The RepSetResult contains the selected periods, their weights, and the objective scores:

print(f"Selected months: {result.selection}")
print(f"Weights: {result.weights}")
print(f"Wasserstein score: {result.scores['wasserstein']:.4f}")

Diagnostic: Responsibility Bars¶

energy-repset includes interactive Plotly diagnostics.
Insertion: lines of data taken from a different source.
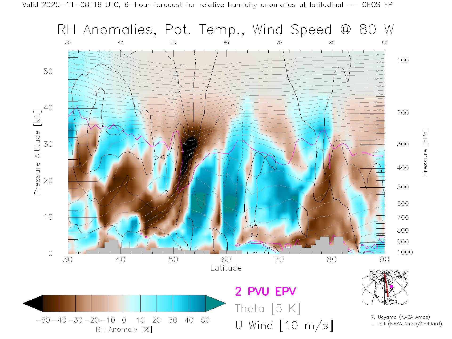 GEOS Forecast Rel. Hum. X-Section (80 W)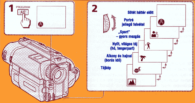 A legtöbb mai kamkordernél - a témának megfelelő funkciójú - vezérlő programot tudunk választani a Program AE (Auto Exposure) gombbal. Illusztrációként választott kameránk esetében ezek a Program AE nyomógombbal választhatók ki.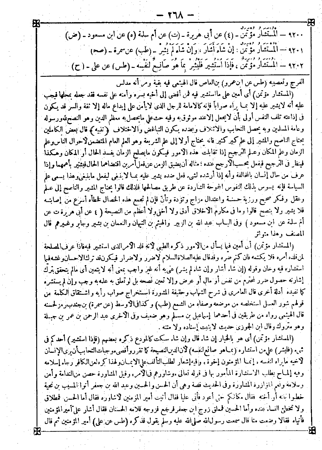 9201 - (المستشار مؤتمن) أن أمين فيما يسأل من الأمور ذكره الطيبي لأنه قلد الأمر الذي استشير فيه فإذا عرف المصلحة لمن قلده أمره فلا يكتمه فإن كتم ضره وقد قال عليه الصلاة والسلام لا ضرر ولا ضرار فيكون قد ترك الإحسان وغشه فيما استشاره فيه وخان وقوله (إن شاء أشار وإن شاء لم يشر) عنى به أنه غير واجب بمعنى أنه لا يتعين أي ما لم يتحقق بترك إشارته حصول ضرر لمحترم من نفس أو مال أو عرض وإلا تعين نصحه بل لو تعلق به علمه به وجب وإن لم يستشره كما تفيده أدلة أخرى قال العامري في شرح الشهاب: وحقيقة المشورة استخراج صواب رأيه واشتقاق الكلمة من قولهم شور العسل استخلصه من موضعه وصفاه من الشمع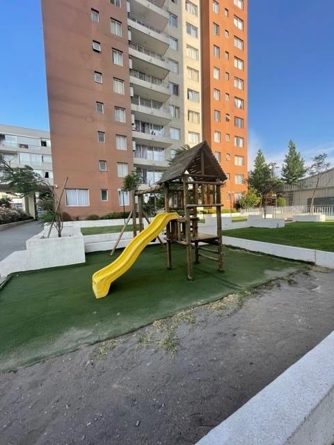 Edificio con accesos controlados, estacionamientos de visitas, piscina, áreas verdes, bicicletero, 6 quinchos, cancha de futbol y conserjería 24/7.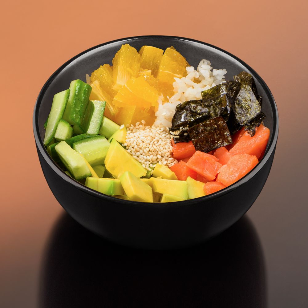 Рис , лосось , свежий огурец , авокадо , кусочки апельсина , нори , кунжут , фирменный соус поке.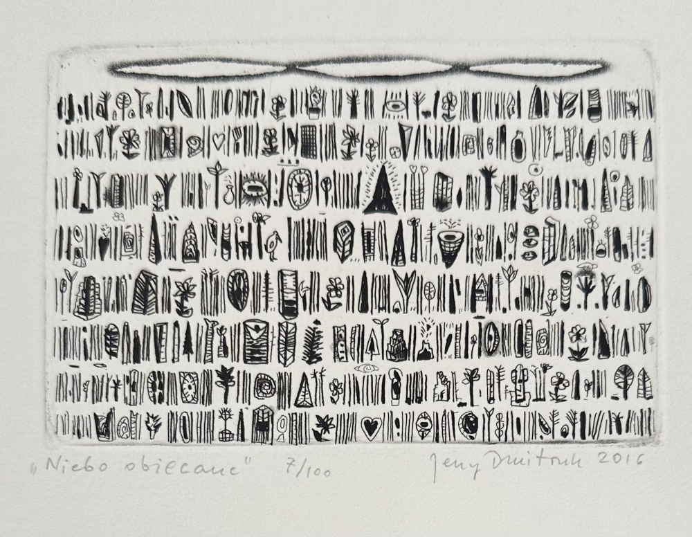 Powrót do: OfertaGrafikaDMITRUK JerzyNiebo obiecaneRok powstania: 2016Technika: akwaforta, papierWymiary: 8x12,3 cmNr odbitki: 7/100Zapytaj o tę grafikęcena:350zł+ Wybór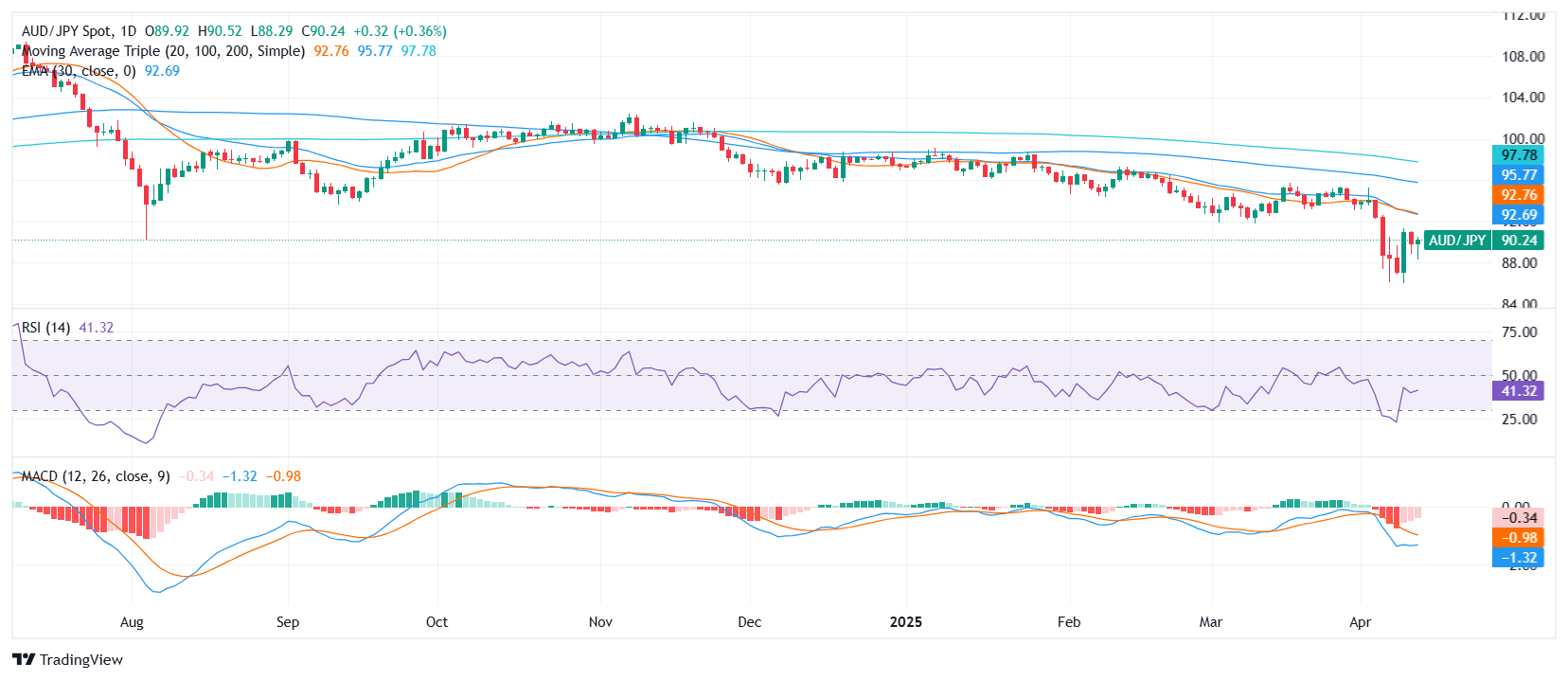 澳元/日元价格分析:在看跌背景持续下,涨幅受限于关键阻力附近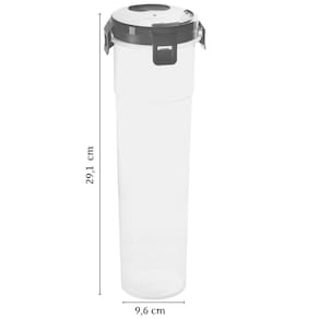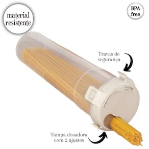 Este porta espaguete acomoda até 1Kg do produto e possui uma tampa com travas laterais que impedem que o conteúdo se espalhe em caso de incidentes. A super tampa do recipiente funciona inclusive como um dosador ajustável para até duas porções do macarrão. Conta com uma linda decoração com tecnologia intra imagem, proporcionando maior durabilidade ao desenho. O produto é fabricado em material plástico resistente e atóxico, livre de BPA. Material: polipropileno Capacidade: 1L Comprimento: 9,6 cm / Largura: 9,6 cm / Altura: 29,1 cm
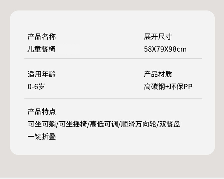宝宝餐椅多用途皮质座套宝宝餐桌婴幼儿大餐盘吃饭椅摇椅二合一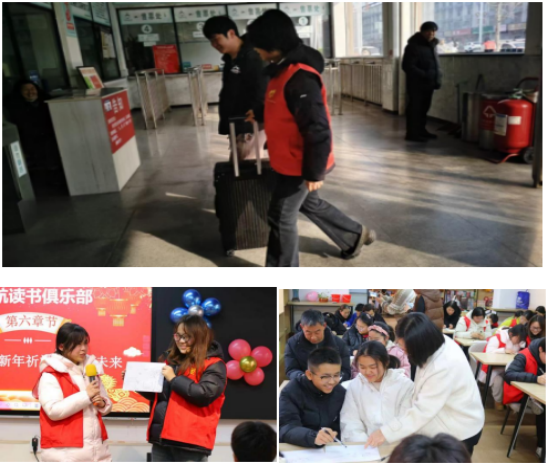 信息技术系学子分赴多地护航,在平舆县汽车站参与“青春志愿行,温暖回家路”活动,在候车厅、售票区维持秩序、搬运行李,张贴福字营造节日氛围;在开封火车站为老年旅客讲解自助购票流程,细致提醒发车时间、站台信息,以“眼勤、嘴勤、手勤”的坚守,守护旅客安心返乡。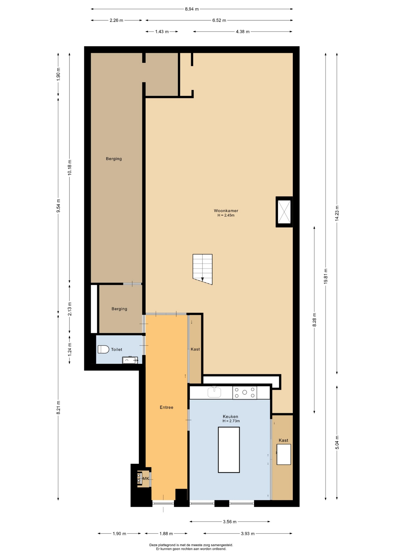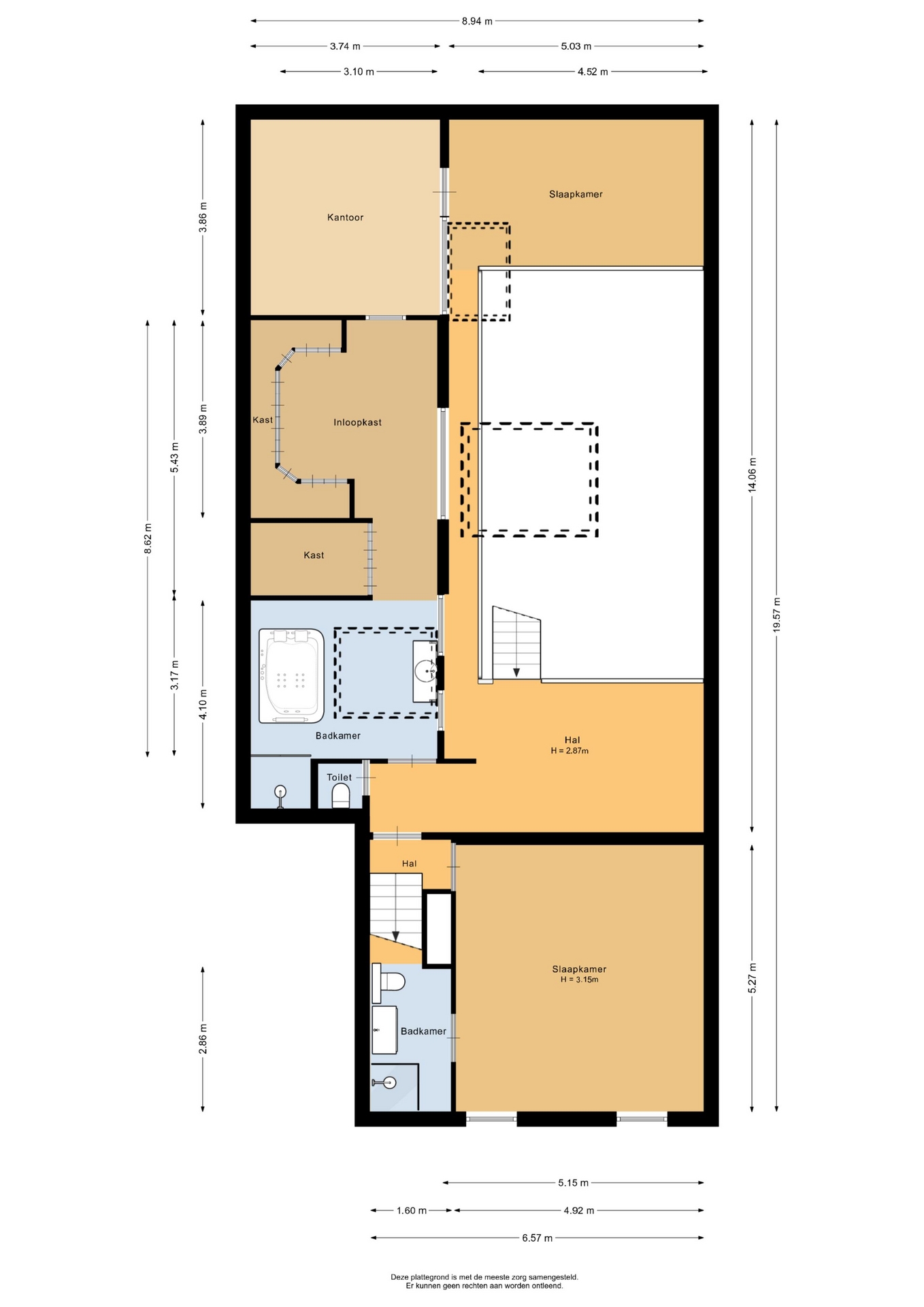 “Deze informatie is door ons met de nodige zorgvuldigheid samengesteld. Onzerzijds wordt echter geen enkele aansprakelijkheid aanvaard voor enige onvolledigheid, onjuistheid of anderszins, dan wel de gevolgen daarvan. Alle opgegeven maten en oppervlakten zijn indicatief.”

A responsibility bar chart shows how the total representation weight is distributed across selected periods:

fig = diag.ResponsibilityBars().plot(result.weights, show_uniform_reference=True)
fig.show()

Full Script¶

The complete code is available at examples/ex1_getting_started.py.

Next Steps¶

Swap components: Try rep.ParetoMaxMinStrategy instead of rep.WeightedSumPolicy, or rep.KMedoidsClustersizeRepresentation instead of uniform weights. See the Modules & Components page for all available implementations.
Add objectives: Add rep.CorrelationFidelity, rep.DurationCurveFidelity, or rep.DiversityReward to the ObjectiveSet.
Browse examples: The Examples show more advanced configurations with interactive visualizations.